> **EXERCISE INPUTS**
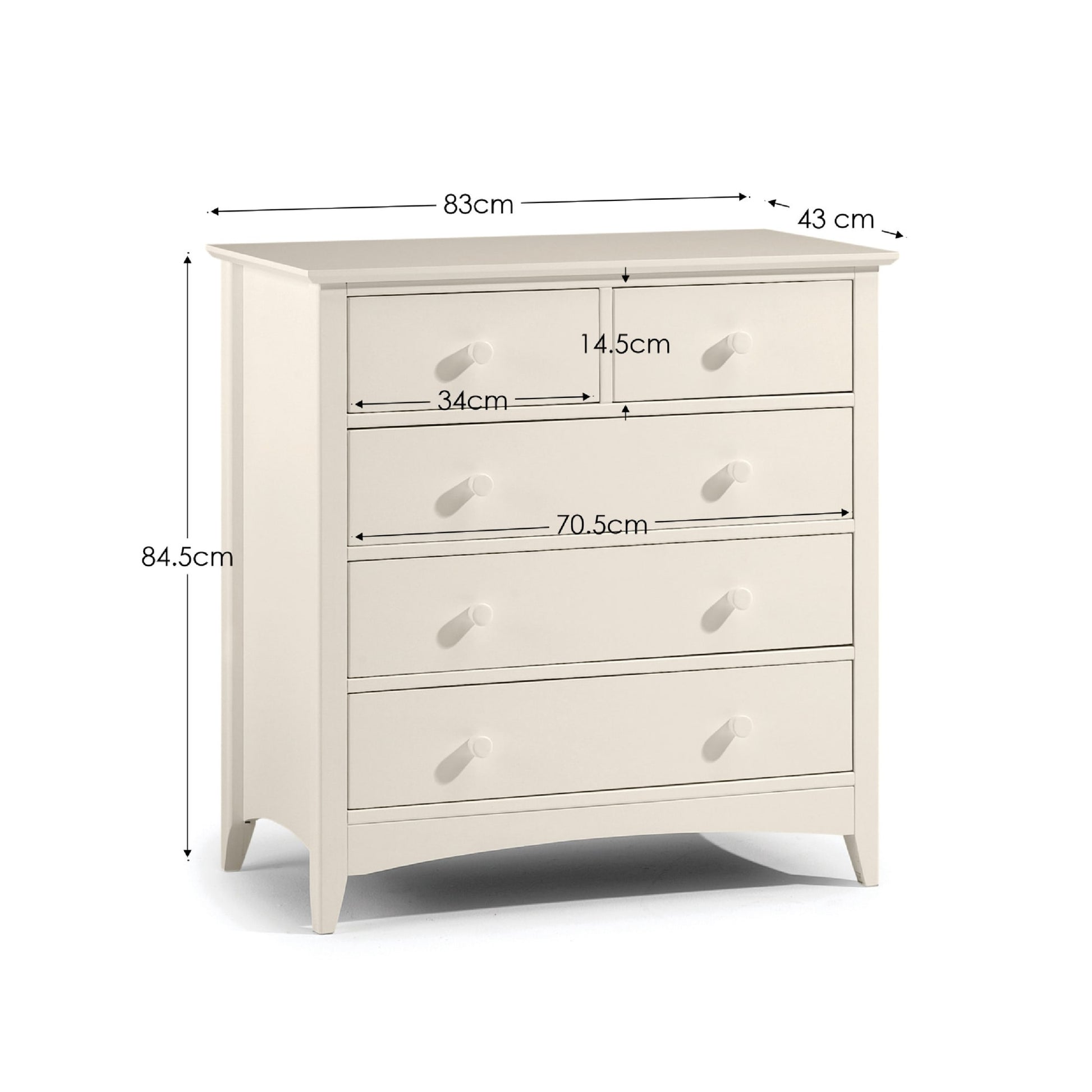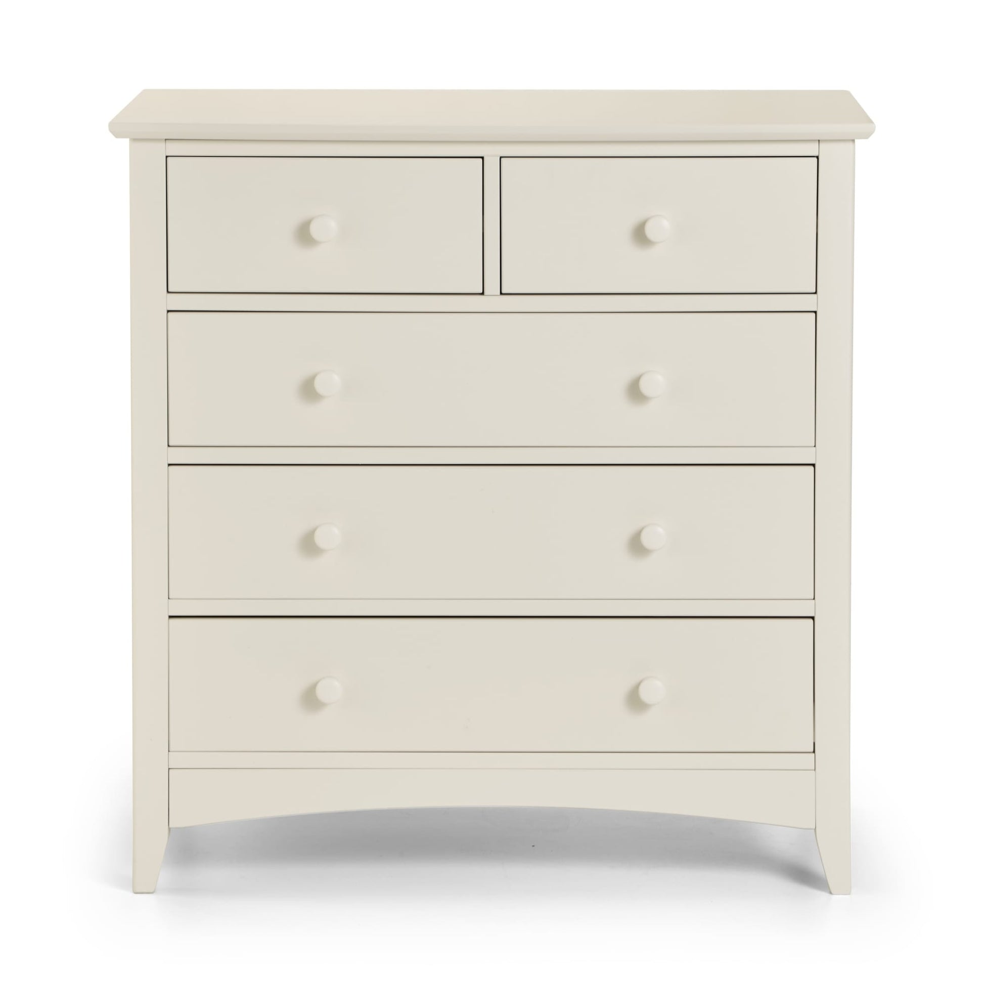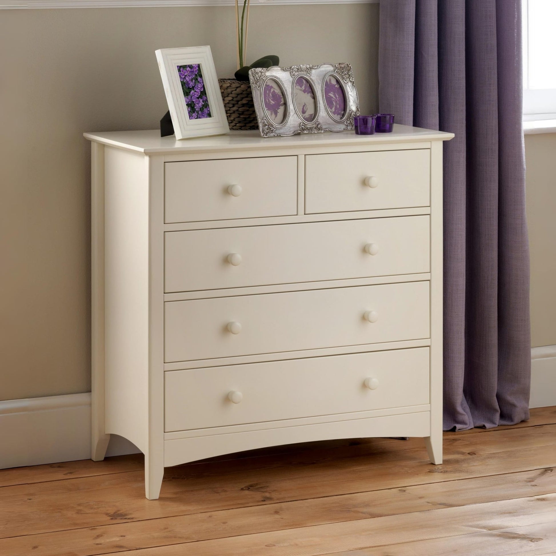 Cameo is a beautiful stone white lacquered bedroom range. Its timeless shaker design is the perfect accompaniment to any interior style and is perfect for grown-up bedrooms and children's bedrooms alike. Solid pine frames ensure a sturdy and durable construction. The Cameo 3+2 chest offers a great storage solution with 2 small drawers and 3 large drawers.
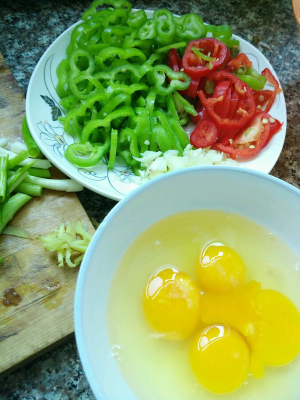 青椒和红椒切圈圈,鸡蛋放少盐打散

--

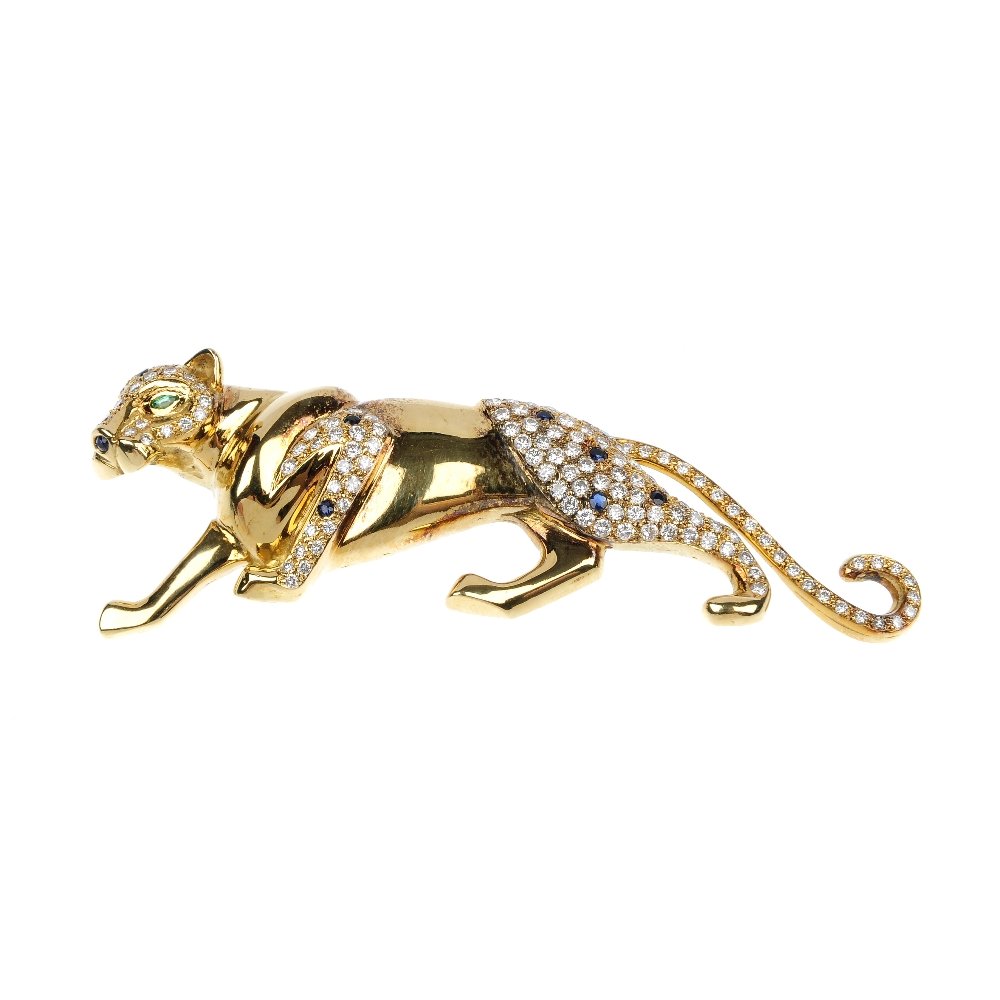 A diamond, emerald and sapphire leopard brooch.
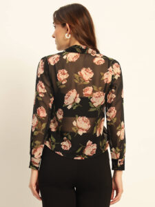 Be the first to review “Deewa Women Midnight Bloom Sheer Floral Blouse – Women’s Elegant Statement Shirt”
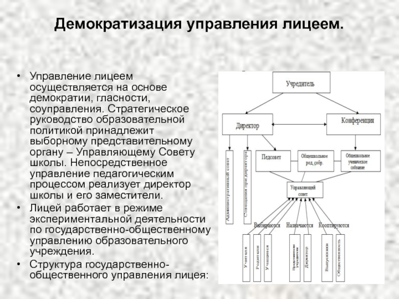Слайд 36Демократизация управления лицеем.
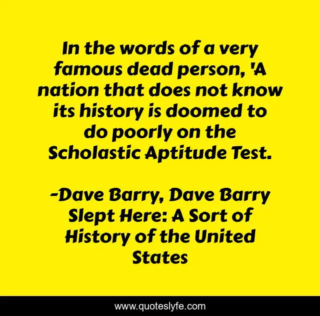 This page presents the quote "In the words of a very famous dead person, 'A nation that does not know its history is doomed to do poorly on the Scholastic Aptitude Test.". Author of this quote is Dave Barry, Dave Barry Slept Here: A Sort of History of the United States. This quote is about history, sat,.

> **WHAT IS BEING ASKED**
Print everything from the line with "Cameo is a beautiful" down to the line with "青椒和红椒切圈圈,鸡蛋放少盐打散" in the entries above, both lines included and nothing more, without the pictures.

> **ANSWER SECTION**
 Cameo is a beautiful stone white lacquered bedroom range. Its timeless shaker design is the perfect accompaniment to any interior style and is perfect for grown-up bedrooms and children's bedrooms alike. Solid pine frames ensure a sturdy and durable construction. The Cameo 3+2 chest offers a great storage solution with 2 small drawers and 3 large drawers.
 青椒和红椒切圈圈,鸡蛋放少盐打散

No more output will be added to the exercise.